As I sat watching Will sleep, wondering about her, I knew I was being watched. I turned to look through the window and saw a man with white hair standing near the apple tree closest to the window, looking in, lit only by the light that fell from behind me. He appeared so much closer than before that as I met his gaze, his nearness made me catch my breath and turn cold. There was a terrible intimacy in his appearing there in The Studio garden; it was an alarmingly forward stride for him, I felt. He was the same—the white hair, the curl of the lip—and seen only, this time, as I had seen him before, from the waist up, the window blocking the rest of the view. And, also as last time, it was as if he had rubbed through from somewhere else because, though the snow fell heavy and slow in the garden and across everything, it did not fall across his thin figure or the space in which he stood. And behind him people seemed to be moving in sepia inside a kind of oval frame with smudged edges, crossing and recrossing. I couldn’t see whole figures, just the edge of a gown or part of a face—smoke too, grey smoke softening the edges of the moving figures. Among the trees, in the slanting snow.
He stood there looking in at me only for a few seconds—long enough to convince me that he also saw and recognised me. It was the strangest sensation, as if I had been looking at him for years and had
known him always. Though he fixed me with his gaze, I watched as his eyes wandered, picking out various objects in the room behind me: the manuscript on the table, the shelves and boxes of papers. I was suddenly quite sure that it was not for me he had come. He was looking at Elizabeth’s manuscript.

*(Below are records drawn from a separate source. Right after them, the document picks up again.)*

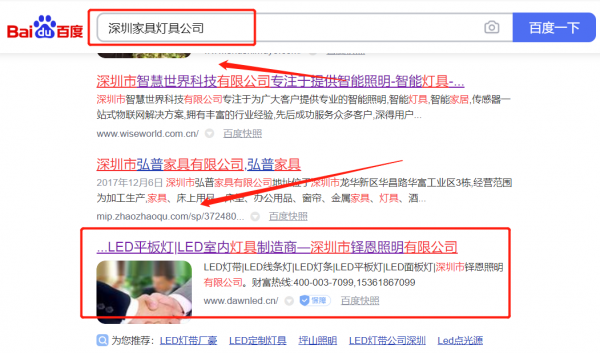 深圳市*恩照明有限公司百度排名最快上詞效果展示
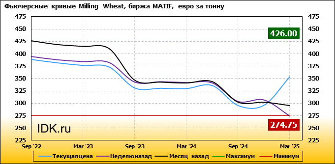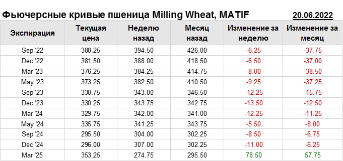 На 20.06.2022 стоимость пшеницы Milling Wheat на бирже MATIF по контракту Sep ’22 составила 388.25 евро за тонну. За прошедшую неделю стоимость пшеницы Milling Wheat упала на 6.25 евро/тонна. Как мы видим на графике, фьючерсная кривая имеет периоды, когда более дальний фьючерс дешевле ближнего. Состояние бэквардации наблюдаем на следующих контрактах: Dec ’22; Mar ’23; May ’23; Sep ’23; Dec ’23; Mar ’24; Sep ’24. Таким образом, трейдеры предполагают, что возможно превалирование предложения над спросом в указанные периоды.
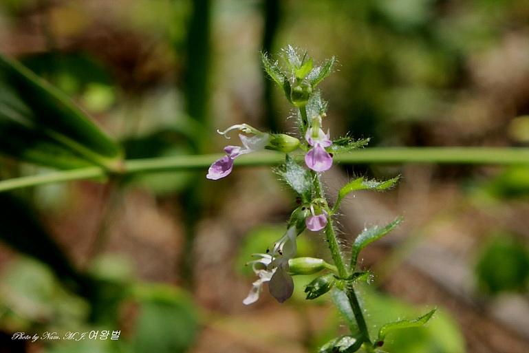화서 3~5cm 포 : 꽃받침과 길이 비슷, 넓은 난형,꽃받침 : 윗부분에 털 다소, 간혹 선모, 꽃받침 끝이 둔함 |
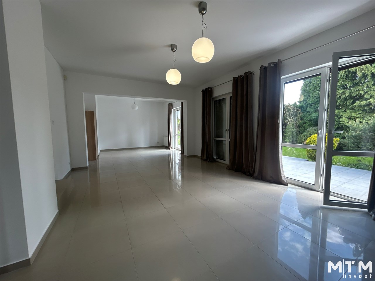 Duży, jasny salon z wyjściem na taras i ogród
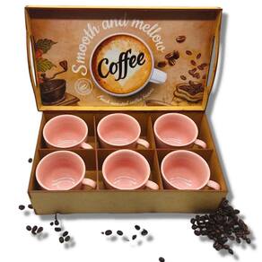 Jogo 6 xicaras de porcelana para café chá 170ml caixa em mdf decorada
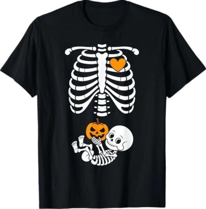 Halloween Skeleton Baby Rib Cage Maternity Pregnant Pumpkin T-Shirt

I gasped, suddenly angry and territorial, rising from my chair towards him, kneeling on the window seat, pressing my face and hand to the pane of glass which clouded up instantly; I wished I could pull a curtain across the glass to shut him out. Will woke, startled by the noise and movement I had made and, seeing me staring out into the garden, turned slowly to look at whatever it was behind her that had frightened me. All we could now see of the orchard was empty with a great emptiness. Will turned back to look at me. My face and expression had shocked her.

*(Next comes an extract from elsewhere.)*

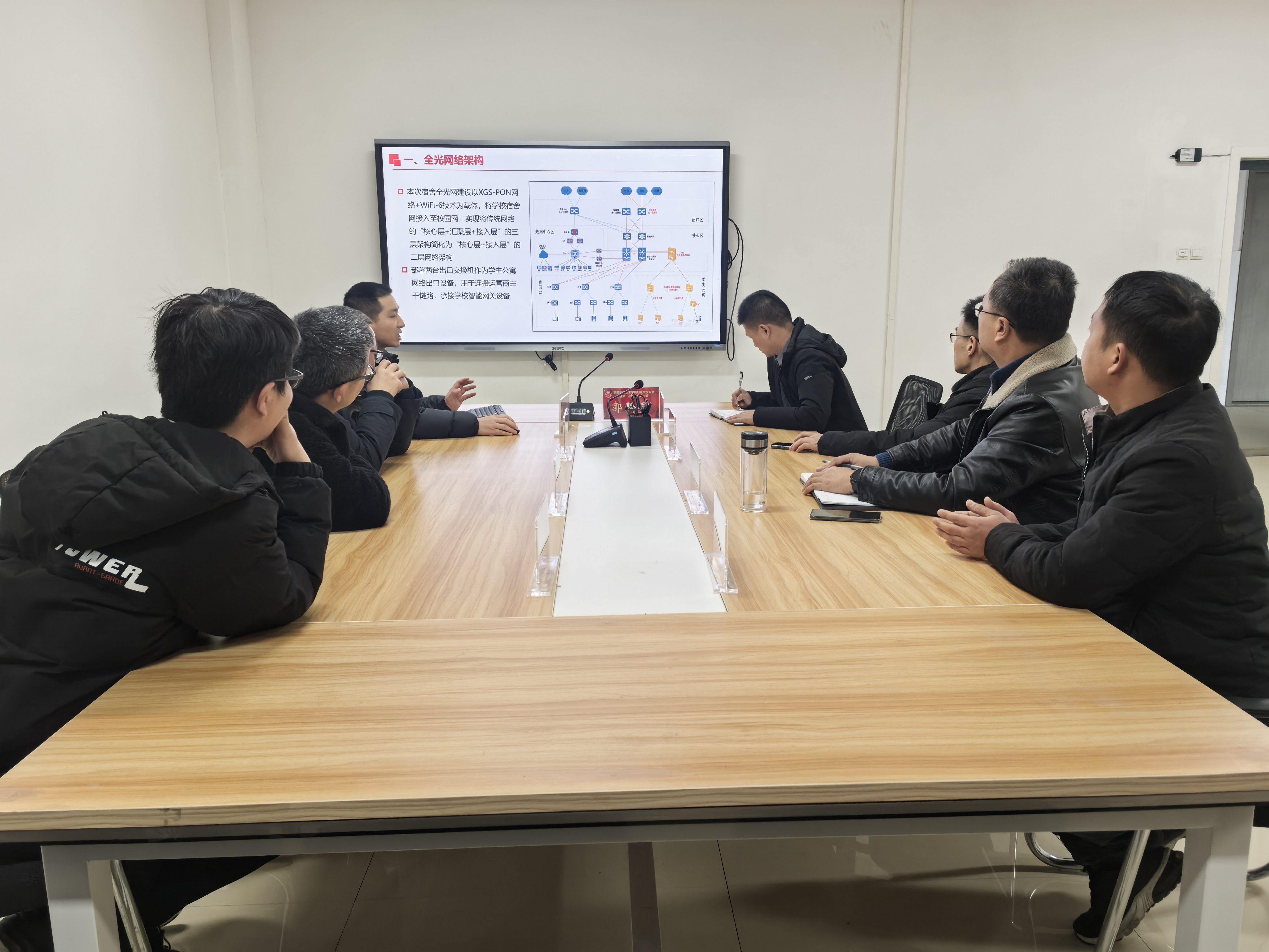 在交流会上,铜陵职业技术学院方主任就当前网络技术的应用、发展趋势及面临的挑战进行了深入讨论,根据学院实际,结合学院新校区的信息化建设给予了很多宝贵的建议;学院实数与数据资源管理中心主任表示,通过此次交流,希望能够借鉴铜陵职业技术学院在网络建设方面的成功经验,进一步提升学院实数与数据资源管理中心的服务质量和技术水平。

“Fuck. You look awful. What’s happened?” Her hand tightened on mine as she followed the line of my gaze. “What is it?”
“I thought I saw something in the garden,” I said. “Spooked myself. It’s just the snow—plays tricks with your eyes.”
“Jesus, you frightened me,” she said, looking at her watch. “It’s so late. How could I have fallen asleep like that?” She paused, dragging her fingers across her face to wake herself up. “You OK now?”
I nodded.
“Look,” she said. “I’m going to have to go away for a while. I came to say good-bye.”
“You’ll be back?”
“Oh yes, I hope so. Depends on what happens over the next few weeks.”